WOLL: Wie werden die Gäste auf die Windenergieanlagen im Sauerland reagieren?
Andreas Knappstein:
Das Leben besteht eben aus Kompromissen. Ich habe kein Patentrezept. Aber ich finde, wir müssen für neue, zukunftsweisende Instrumente offen sein, mit denen der Energieverbrauch zum Teil selbst herzustellen ist. Wir reden nicht nur über Windkraft, sondern auch über Photovoltaik. Ein Beispiel: Wenn ich oberhalb von Oberkirchen spazieren gehe, schaue ich auf den Ort mit seinen schönen, schwarz-weißen Fachwerkhäusern. Komme ich näher, erkenne ich dort sehr viele Photovoltaik-Anlagen. Das finde ich, ist ein zukunftweisendes Signal. Dort wird Energie selbst hergestellt. Fossile Energie allein wird dauerhaft nicht die Lösung sein.

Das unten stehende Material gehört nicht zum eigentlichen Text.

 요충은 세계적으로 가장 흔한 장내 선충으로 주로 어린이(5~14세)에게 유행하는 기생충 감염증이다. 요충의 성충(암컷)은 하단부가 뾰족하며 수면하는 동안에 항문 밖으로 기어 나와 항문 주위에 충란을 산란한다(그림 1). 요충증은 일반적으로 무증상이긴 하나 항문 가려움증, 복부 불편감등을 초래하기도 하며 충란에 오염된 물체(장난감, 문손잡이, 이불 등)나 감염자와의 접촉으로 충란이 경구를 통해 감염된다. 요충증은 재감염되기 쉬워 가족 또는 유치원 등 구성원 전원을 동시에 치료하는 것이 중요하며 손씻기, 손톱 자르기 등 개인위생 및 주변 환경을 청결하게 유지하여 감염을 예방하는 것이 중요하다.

WOLL: Wir haben über Wettbewerbsfähigkeit gegenüber der Konkurrenz aus dem Ausland gesprochen. Haben Sie den Eindruck, dass die deutsche Industrie und der Handel auch im Kreis Soest und im HSK mit der Konkurrenz aus Drittländern und EU-Ländern mithalten können?
Andreas Knappstein:
Ich bin ein Fan der Innovationskraft der heimischen Unternehmen. Die Anzahl der in Südwestfalen ansässigen Hidden Champions, also Weltmarktführer, zeigt deutlich, dass unsere Wirtschaft, häufig sind es Familienunternehmen, nicht nur wettbewerbsfähig ist, sondern oft auch Vorreiter. Das Potenzial in unserer Region ist also hervorragend. Allerdings werden die Rahmenbedingungen für Unternehmen immer schwieriger – wir haben einige davon ja bereits angesprochen. Wenn Deutschland als Standort unattraktiv wird, sehe ich die Gefahr, dass Standorte und Produktionsstätten ins Ausland verlagert werden. Schlimmstenfalls erleben wir eine Deindustrialisierung. Es ist Aufgabe der Politik, das zu verhindern. Unternehmen sollten nicht immer mehr in ihrem Handeln eingeschränkt werden. Wirtschaft braucht Freiraum, um innovativ und erfolgreich zu sein. Unternehmerinnen und Unternehmer brauchen eine verlässliche Perspektive. Als exportstarke Industrienation brauchen wir entsprechende Rahmenbedingungen, um wettbewerbsfähig zu bleiben und die Nase vorn zu haben.

WOLL: Herr Knappstein, wir danken für das Gespräch und wünschen Ihnen immer eine glückliche Hand und die passenden Worte für Ihre Arbeit als Präsident der Industrie- und Handelskammer Arnsberg – Hellweg- Sauerland.